Dataset records →

= Beginning of Section =

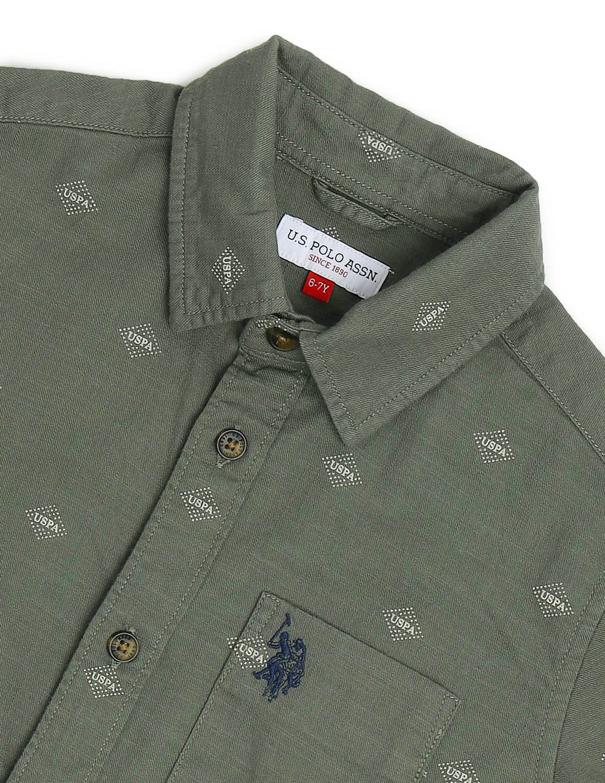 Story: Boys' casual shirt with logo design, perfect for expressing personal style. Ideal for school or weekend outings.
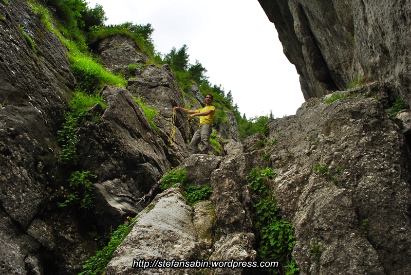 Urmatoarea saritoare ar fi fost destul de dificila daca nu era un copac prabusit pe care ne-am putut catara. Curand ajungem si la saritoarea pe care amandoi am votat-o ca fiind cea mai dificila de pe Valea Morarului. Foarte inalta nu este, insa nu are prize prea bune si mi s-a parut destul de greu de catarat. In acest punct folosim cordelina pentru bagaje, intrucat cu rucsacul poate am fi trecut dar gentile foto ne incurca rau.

= End of Section =
= Beginning of Section =

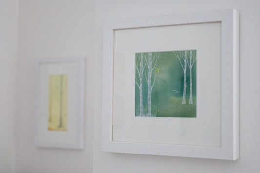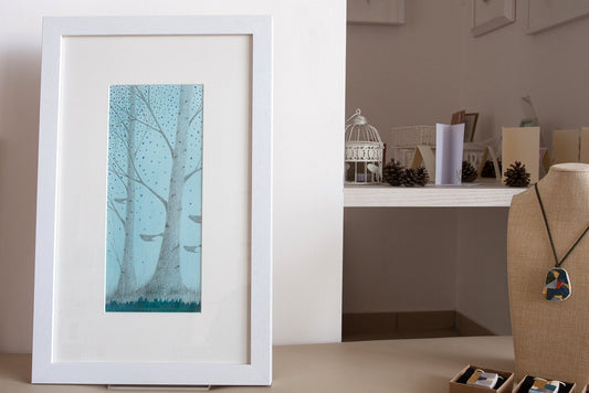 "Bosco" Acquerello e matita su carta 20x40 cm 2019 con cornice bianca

= End of Section =
= Beginning of Section =

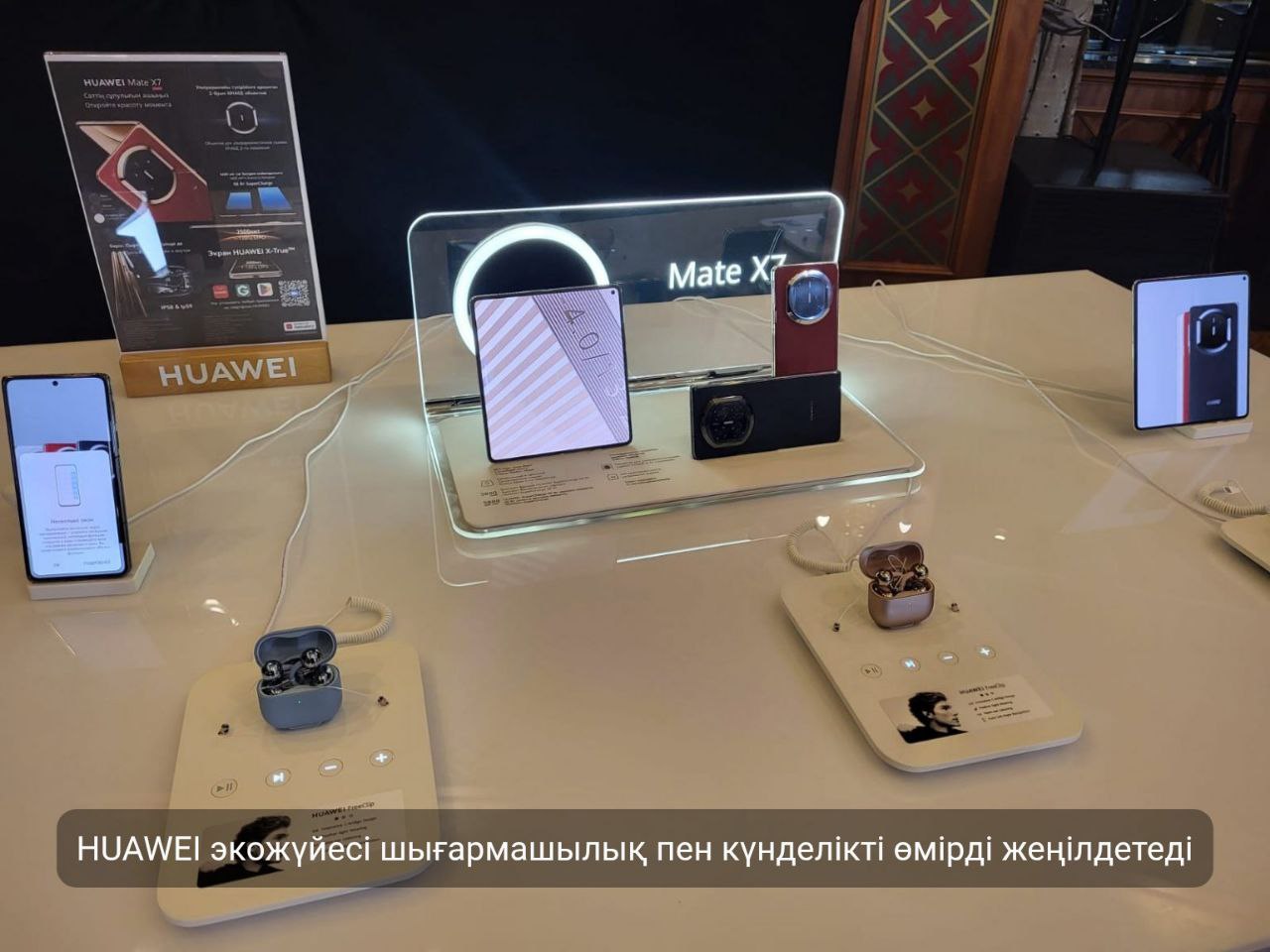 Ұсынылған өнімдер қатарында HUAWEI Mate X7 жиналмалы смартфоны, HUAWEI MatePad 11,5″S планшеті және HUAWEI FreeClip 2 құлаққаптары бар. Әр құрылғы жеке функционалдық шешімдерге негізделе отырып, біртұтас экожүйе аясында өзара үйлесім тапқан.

= End of Section =

Above this task is a listing with pictures in it. Retype only the lines from the one containing "Story: Boys' casual" through the one containing "Urmatoarea saritoare ar", both included, and not the pictures.

Output of the task →
 Story: Boys' casual shirt with logo design, perfect for expressing personal style. Ideal for school or weekend outings.
 Urmatoarea saritoare ar fi fost destul de dificila daca nu era un copac prabusit pe care ne-am putut catara. Curand ajungem si la saritoarea pe care amandoi am votat-o ca fiind cea mai dificila de pe Valea Morarului. Foarte inalta nu este, insa nu are prize prea bune si mi s-a parut destul de greu de catarat. In acest punct folosim cordelina pentru bagaje, intrucat cu rucsacul poate am fi trecut dar gentile foto ne incurca rau.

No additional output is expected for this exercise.